» Data to process
******
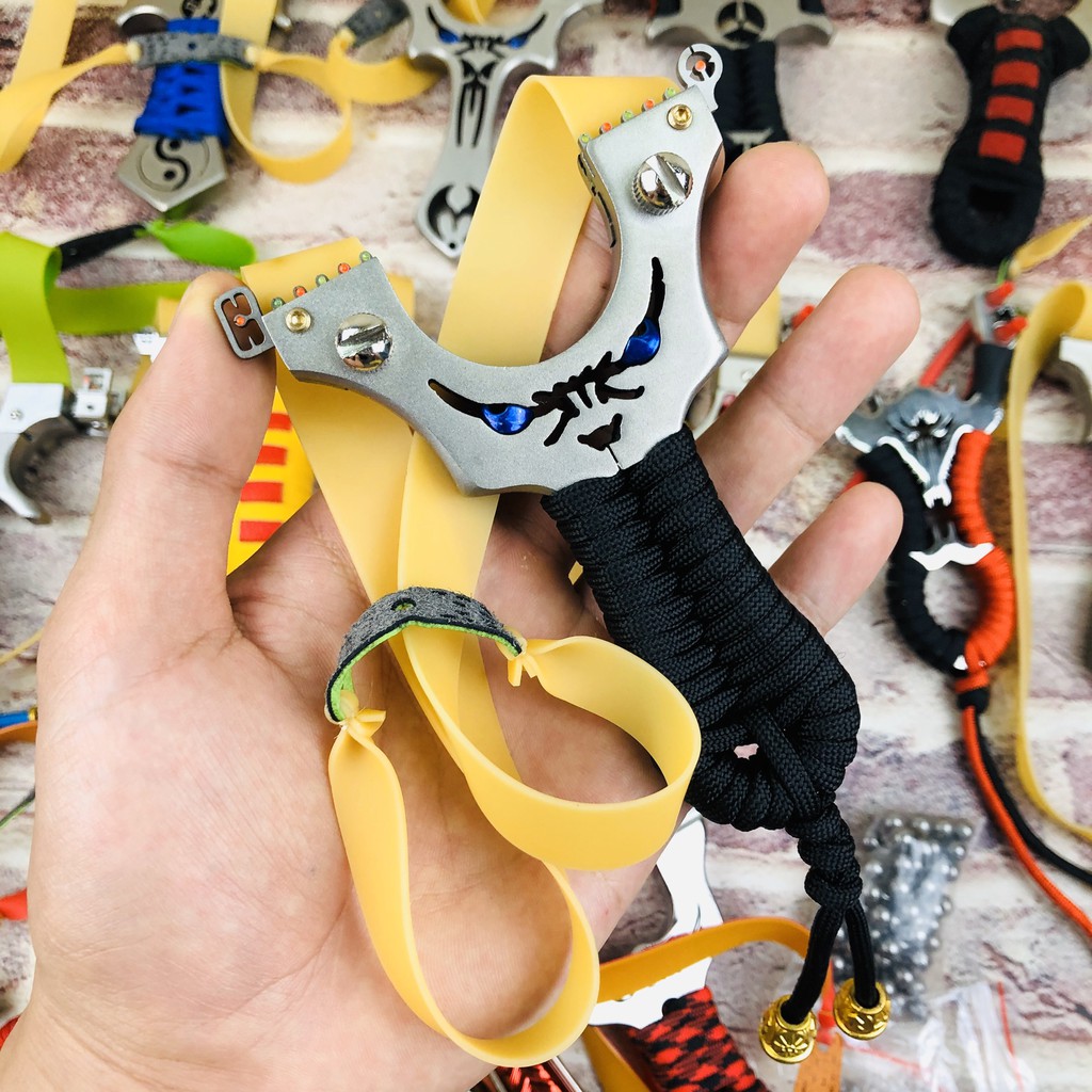 Ná Cao Su Mặt Quỷ Quấn Dây Đen - Ná Thun INOX 304 Nguyên Khối Cao Cấp Tặng Kèm Dây Dẹt 2 Lớp Dày 1mm
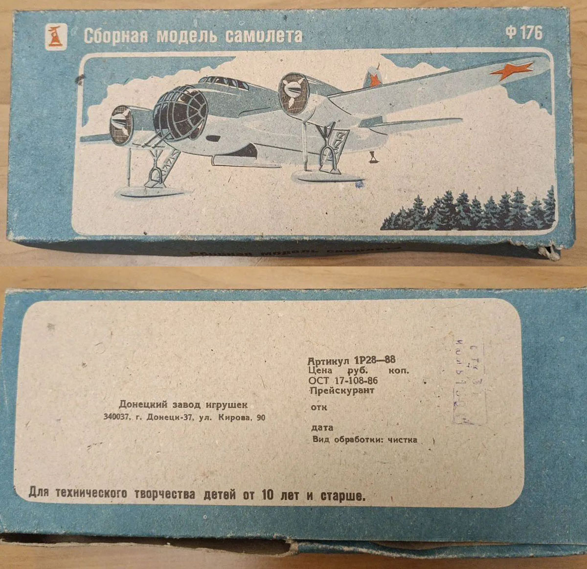 На внутренний рынок СССР модель попала в “фирменной” донецкой коробке с максимально упрощенным “нововским” рисунком, где взрыв на заднем плане был заменен на несколько елей. В то же время, хотя название на коробке звучало как “Сборная модель самолёта Ф176″, хотя в инструкции было указано “Туполев СБ-2”.
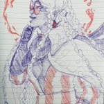 a few doodles - a biker rocker demon babe as a nod to meatloaf for his passing (titled "like a sinner before the gates of heaven" ofc), a little zadkiel stretch, and petrichor and @meowrai's babe!! theyre fwiends #oc #originalcharacter #fantasyart #dndart
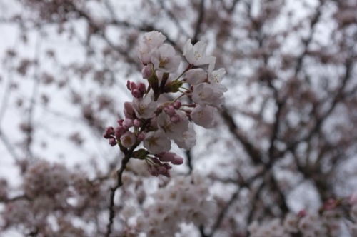 中学生たちが先生と一緒に大人数で花見に来ていたけども寒そうでした。
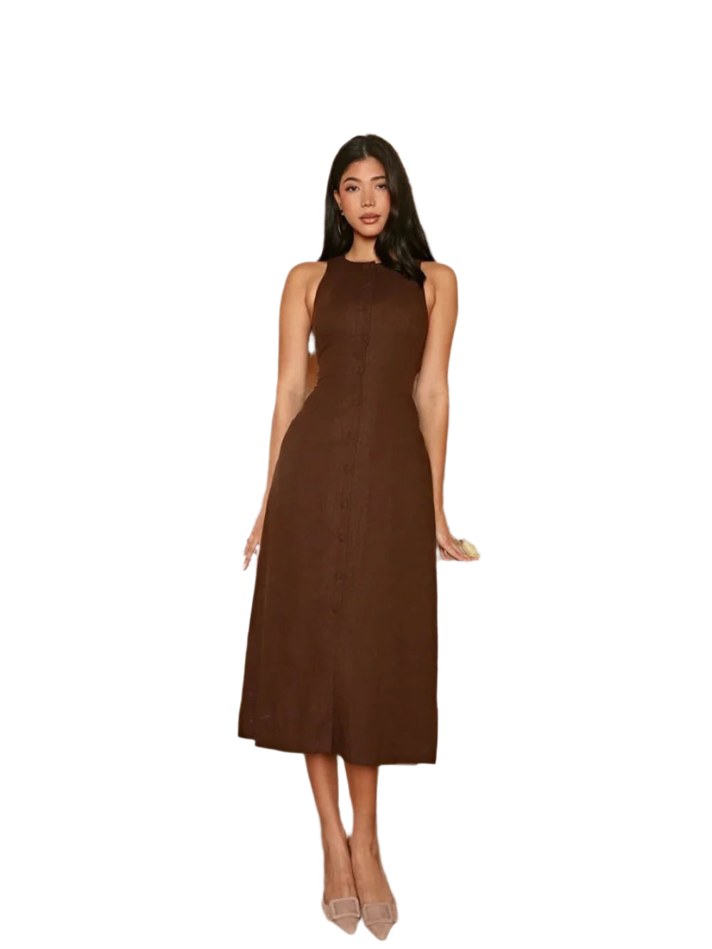 La Robe Midi Sans Manches Ariane avec Boutons est un must-have raffiné dans votre garde-robe, alliant design épuré et accents sophistiqués. Conçue avec une coupe sans manches flatteuse et une fermeture à boutons devant, cette robe midi est parfaite pour les journées chaudes et les saisons de transition. Que ce soit pour un brunch, une réunion au bureau ou un après-midi en ville, cette pièce offre une simplicité polie.
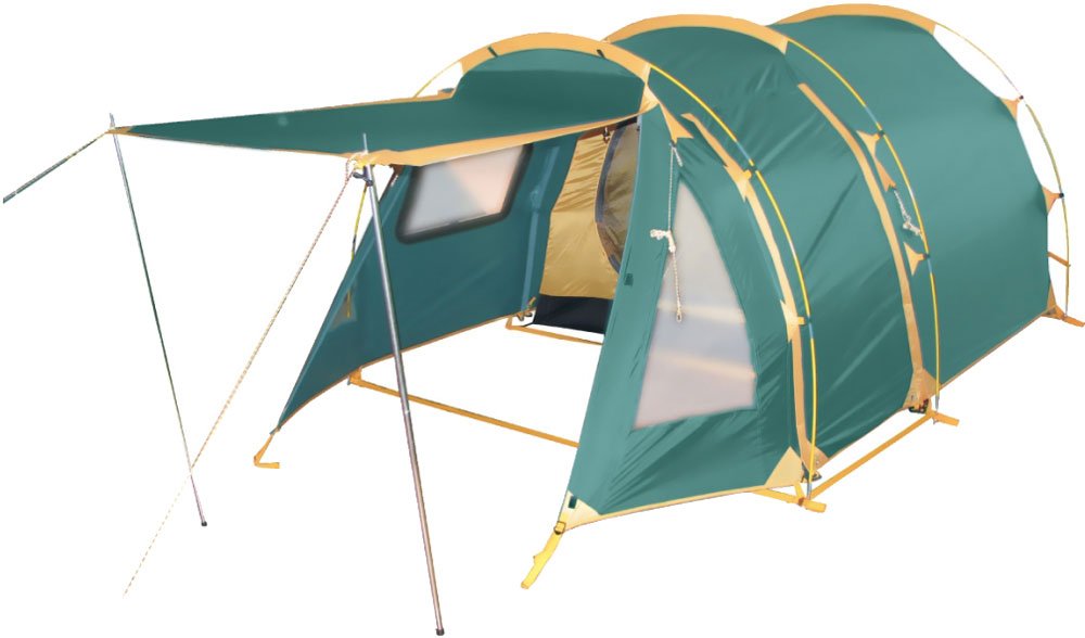Палатка треккинговая; количество мест 2; количество входов 2; форма палатки полубочка; материал каркаса стеклопластик; водостойкость тента 5000 мм вод; ст; вентиляционные клапаны, антимоскитные сетки, проклеенные швы, искрозащитная обработка; вес комплекта 5,4 кг; высота 120 см.
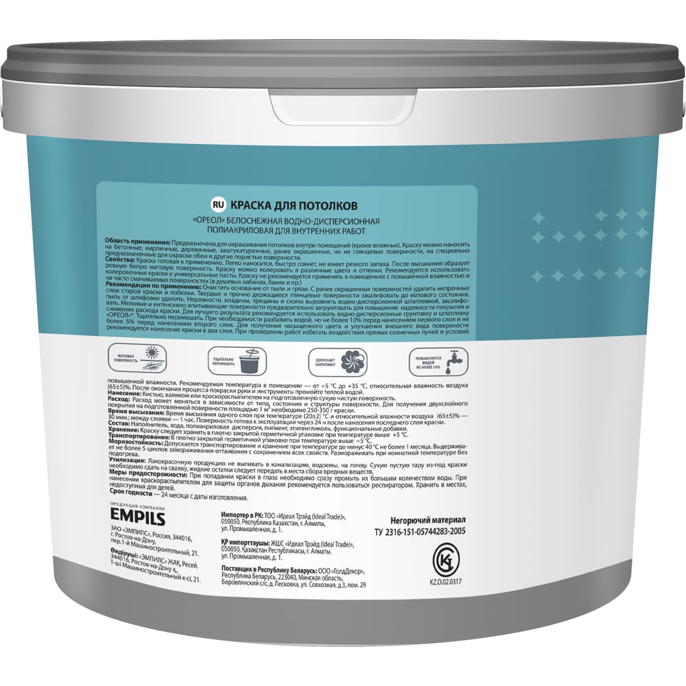 Водно-дисперсионная полиакриловая краска для потолков для внутренних работ ОРЕОЛ 5379
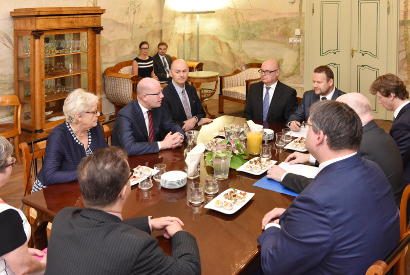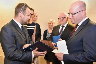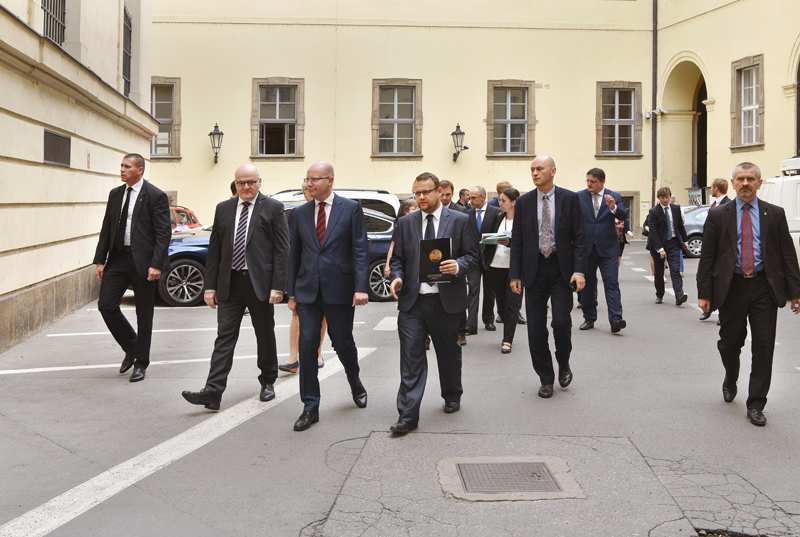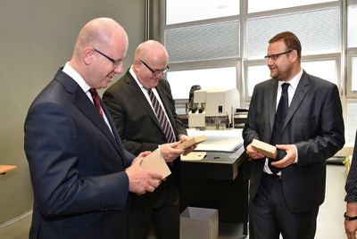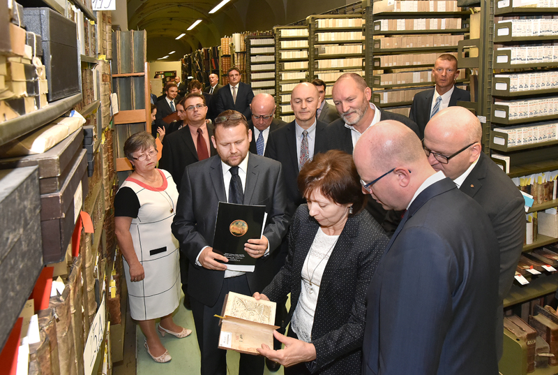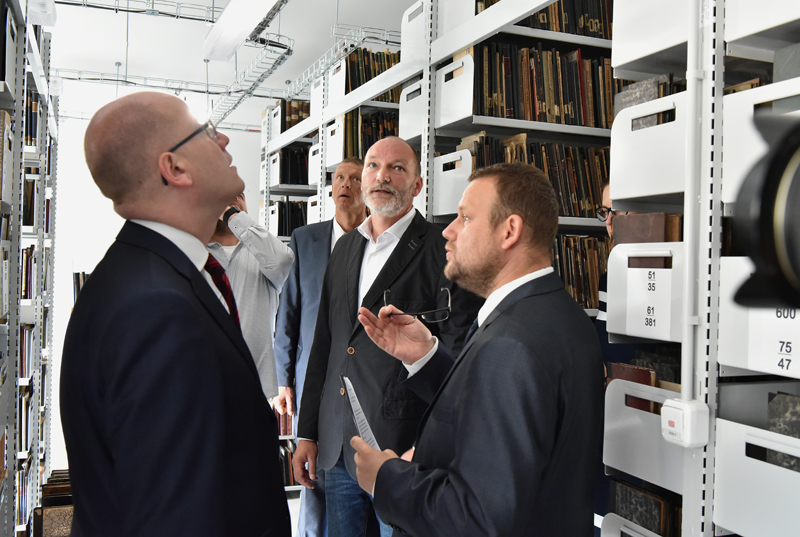 Návštěva premiéra Bohuslava Sobotky a ministra kultury Daniela Hermana v Národní knihovně
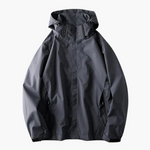 Men's hooded jacket with zipper closure and side pockets.
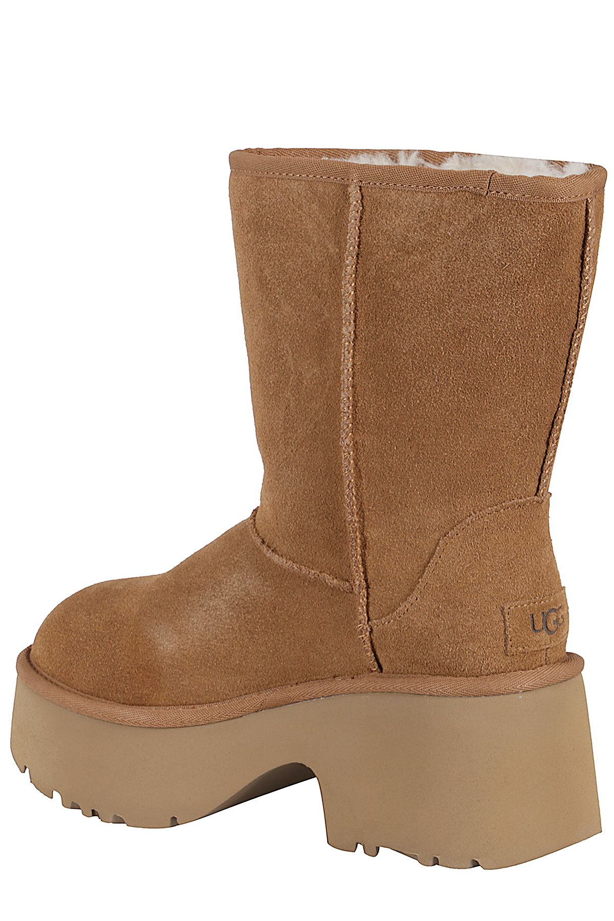 - New Heights Classic Short Boot - Ugg - camel color - suede upper - regenerated wool and lyocell lining - EVA sole - 7cm platform height - embossed heat-stamped logo
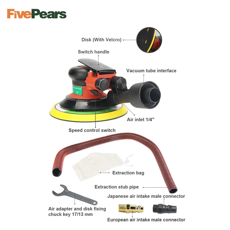 Product Name: Бесплатная доставка Оптовая продажа 6 дюймов воздушный шлифовальный станок с вакуумом 150 мм пневматический шлифовальный станок 6 \"пневматич...
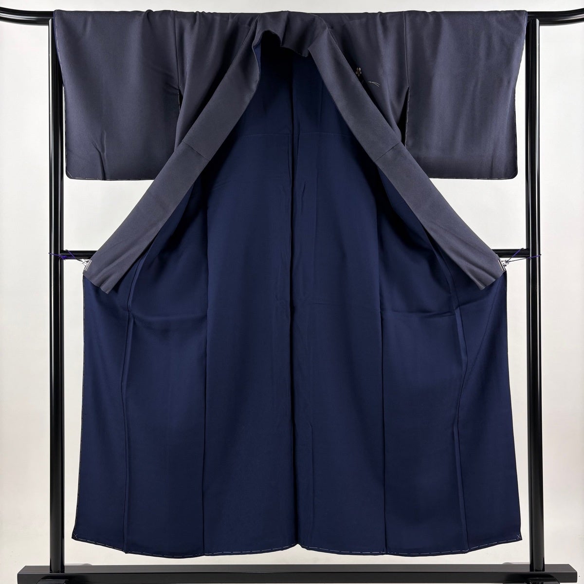 付下げ 身丈164cm 裄丈64.5cm M 袷 紬地 落款あり 桜 桜の花びら 絞り ぼかし 灰色 正絹 名品
******
» Exercise requirements
Word for word, repeat the lines above from the one with "Водно-дисперсионная полиакриловая краска" through the one with "Men's hooded jacket", and nothing beyond them. Omit the pictures.

» Finished task
 Водно-дисперсионная полиакриловая краска для потолков для внутренних работ ОРЕОЛ 5379
 Návštěva premiéra Bohuslava Sobotky a ministra kultury Daniela Hermana v Národní knihovně
 Men's hooded jacket with zipper closure and side pockets.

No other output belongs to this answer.